### RECORDS PROVIDED
══════════════════════════════

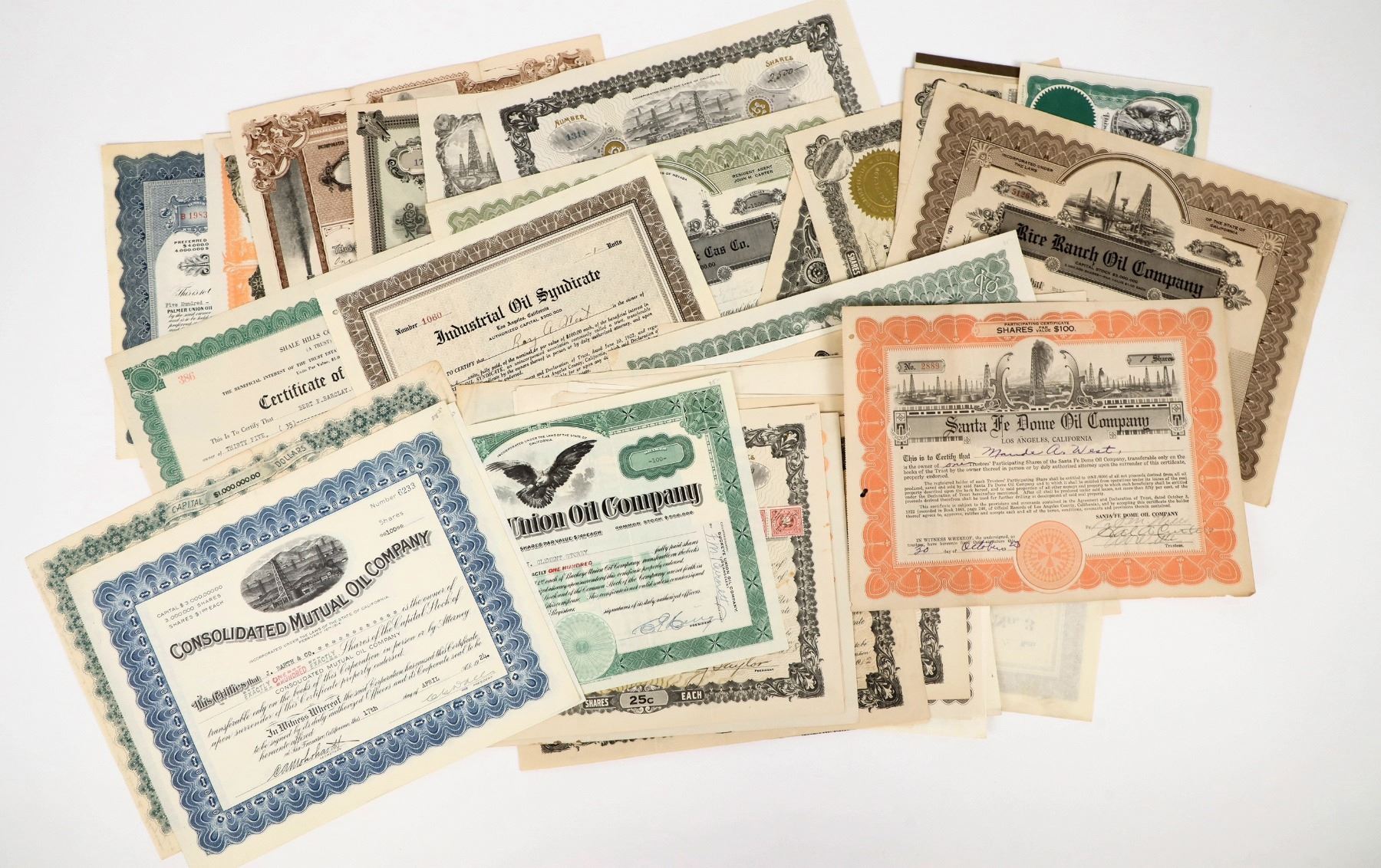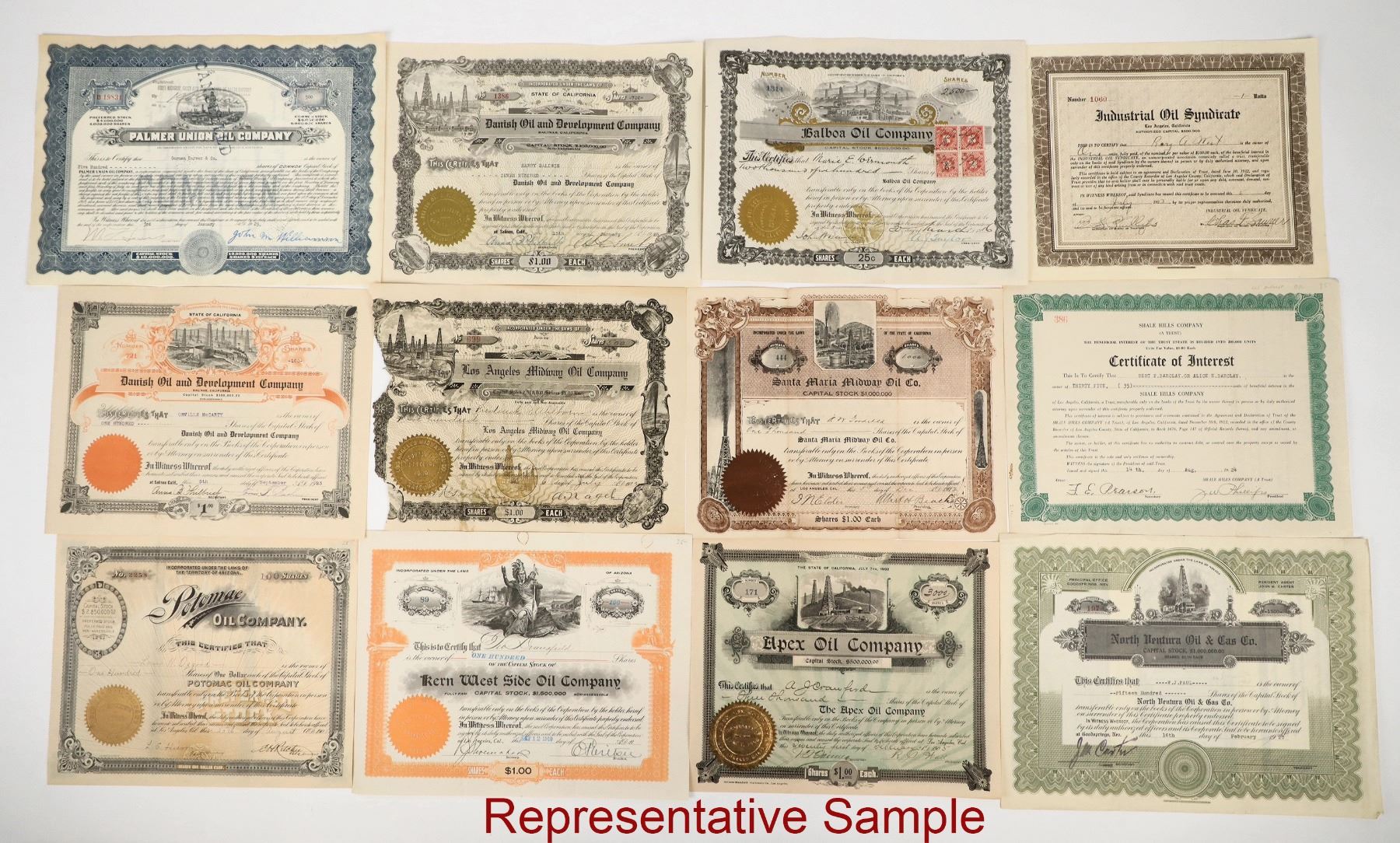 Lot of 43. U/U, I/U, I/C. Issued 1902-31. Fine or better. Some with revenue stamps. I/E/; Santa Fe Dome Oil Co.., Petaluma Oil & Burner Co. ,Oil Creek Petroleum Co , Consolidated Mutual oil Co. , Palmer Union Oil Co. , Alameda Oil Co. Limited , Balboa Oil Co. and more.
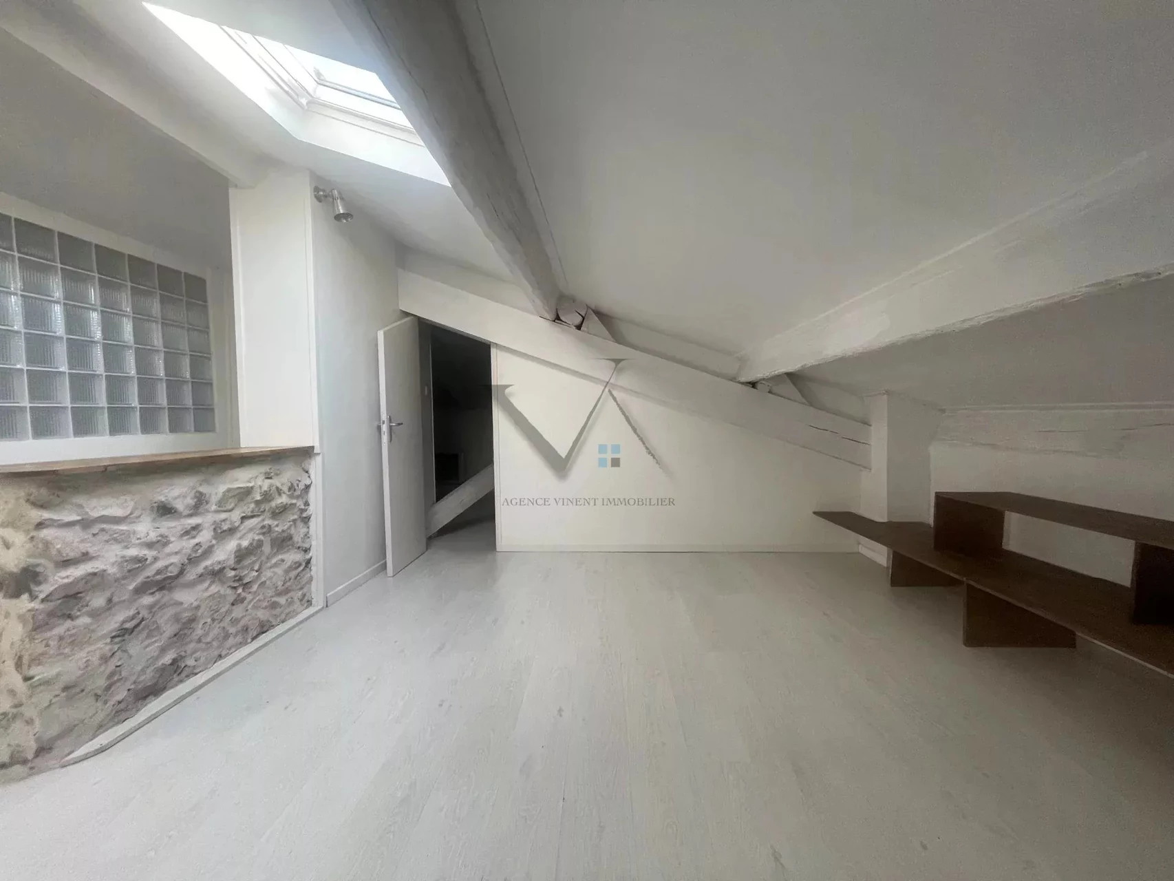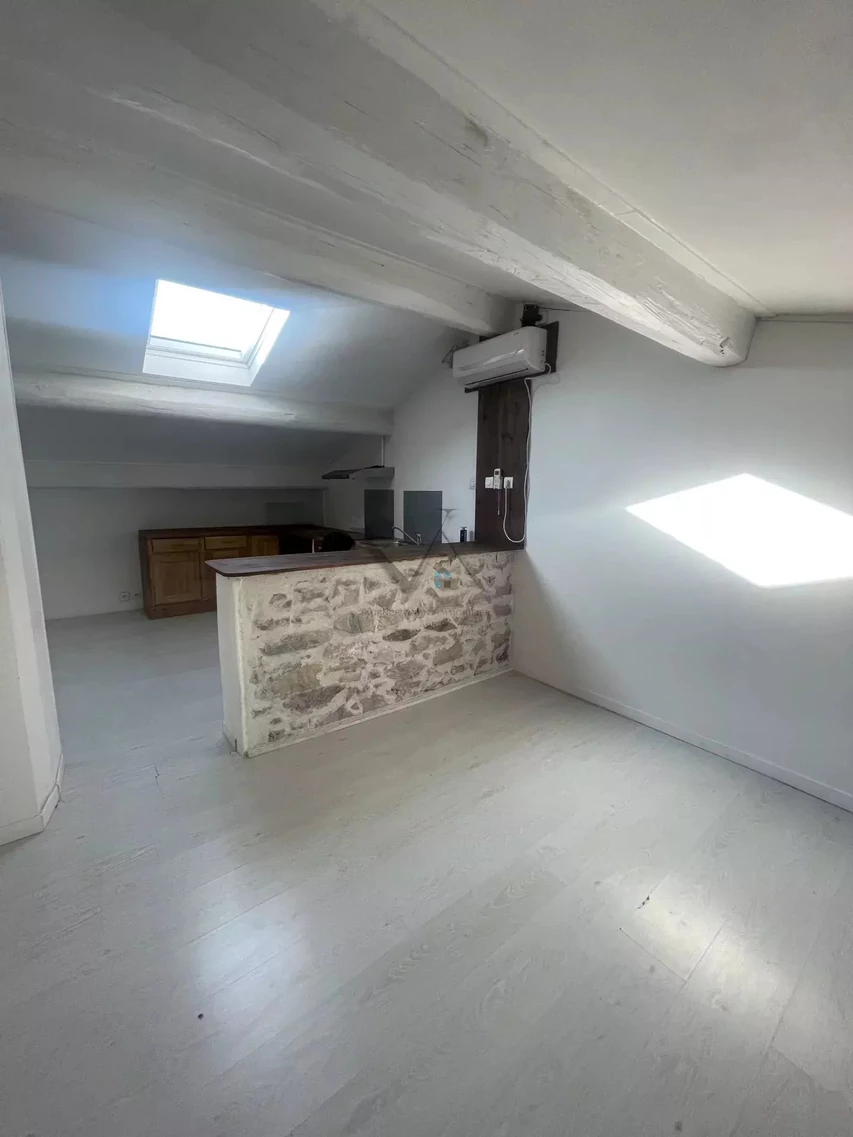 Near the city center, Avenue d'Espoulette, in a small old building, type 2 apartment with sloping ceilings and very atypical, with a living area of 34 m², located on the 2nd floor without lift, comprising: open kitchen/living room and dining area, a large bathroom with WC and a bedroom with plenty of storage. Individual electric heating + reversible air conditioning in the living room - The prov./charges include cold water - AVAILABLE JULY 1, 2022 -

══════════════════════════════

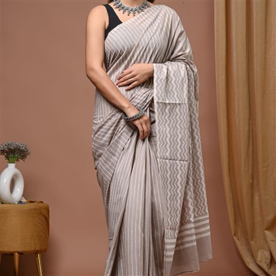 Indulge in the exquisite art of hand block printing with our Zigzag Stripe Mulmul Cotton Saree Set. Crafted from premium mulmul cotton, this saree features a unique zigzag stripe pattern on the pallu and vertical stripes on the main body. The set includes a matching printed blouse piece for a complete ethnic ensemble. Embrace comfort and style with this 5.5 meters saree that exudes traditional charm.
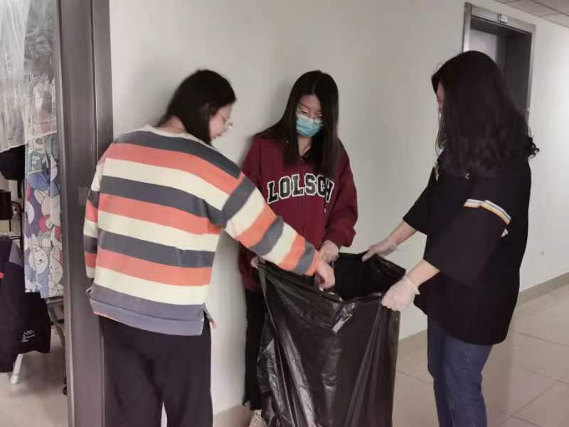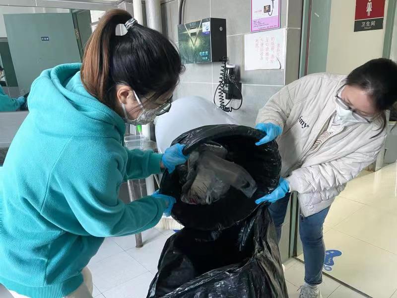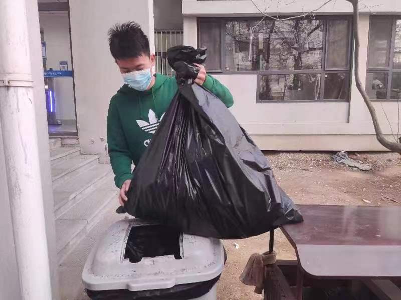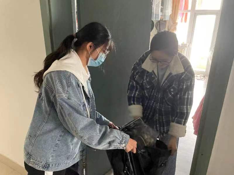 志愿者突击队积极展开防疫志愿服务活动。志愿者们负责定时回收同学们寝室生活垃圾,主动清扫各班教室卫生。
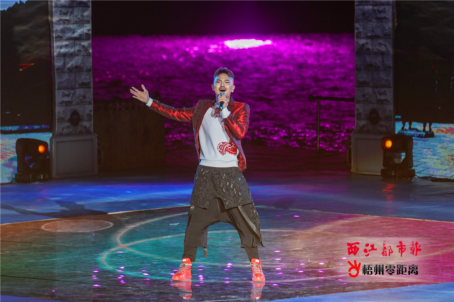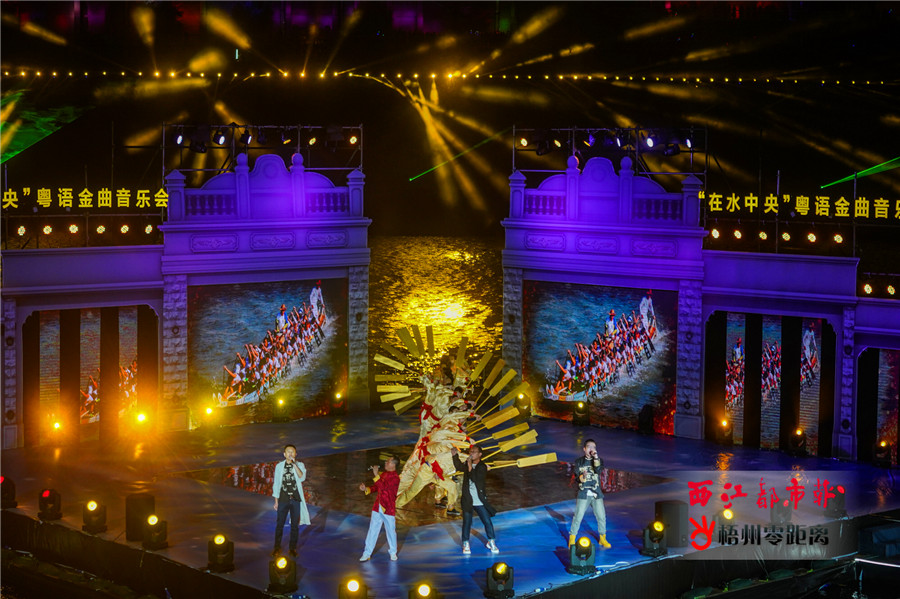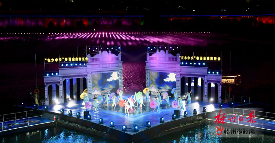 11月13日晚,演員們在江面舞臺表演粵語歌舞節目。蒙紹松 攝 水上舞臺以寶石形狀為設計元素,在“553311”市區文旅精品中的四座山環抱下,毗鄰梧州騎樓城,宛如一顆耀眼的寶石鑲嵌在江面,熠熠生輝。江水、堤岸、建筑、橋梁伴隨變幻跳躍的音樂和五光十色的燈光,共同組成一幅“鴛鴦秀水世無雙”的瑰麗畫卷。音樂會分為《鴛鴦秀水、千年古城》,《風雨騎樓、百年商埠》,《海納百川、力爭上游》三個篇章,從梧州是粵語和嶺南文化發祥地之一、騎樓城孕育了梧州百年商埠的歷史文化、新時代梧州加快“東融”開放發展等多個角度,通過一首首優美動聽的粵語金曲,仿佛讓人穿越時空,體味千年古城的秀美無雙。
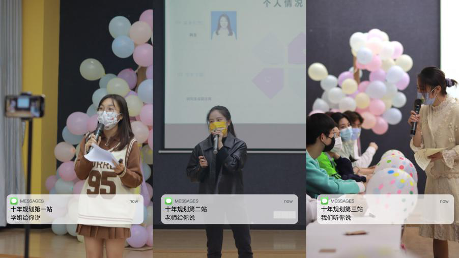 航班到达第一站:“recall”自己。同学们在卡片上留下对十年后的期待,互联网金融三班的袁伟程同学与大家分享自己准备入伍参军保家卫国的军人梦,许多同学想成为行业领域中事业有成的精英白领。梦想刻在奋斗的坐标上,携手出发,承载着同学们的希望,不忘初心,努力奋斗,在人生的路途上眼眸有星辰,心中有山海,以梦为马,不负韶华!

══════════════════════════════

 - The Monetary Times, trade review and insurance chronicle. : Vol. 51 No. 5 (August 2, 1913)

══════════════════════════════

### EXERCISE DETAILS
Going by the entries above, repeat exactly the lines that start at the line with "Lot of 43. U/U, I/U, I/C." and go on through the line with "Near the city". Pictures are not part of the copy.

### ANSWER
 Lot of 43. U/U, I/U, I/C. Issued 1902-31. Fine or better. Some with revenue stamps. I/E/; Santa Fe Dome Oil Co.., Petaluma Oil & Burner Co. ,Oil Creek Petroleum Co , Consolidated Mutual oil Co. , Palmer Union Oil Co. , Alameda Oil Co. Limited , Balboa Oil Co. and more.
 Near the city center, Avenue d'Espoulette, in a small old building, type 2 apartment with sloping ceilings and very atypical, with a living area of 34 m², located on the 2nd floor without lift, comprising: open kitchen/living room and dining area, a large bathroom with WC and a bedroom with plenty of storage. Individual electric heating + reversible air conditioning in the living room - The prov./charges include cold water - AVAILABLE JULY 1, 2022 -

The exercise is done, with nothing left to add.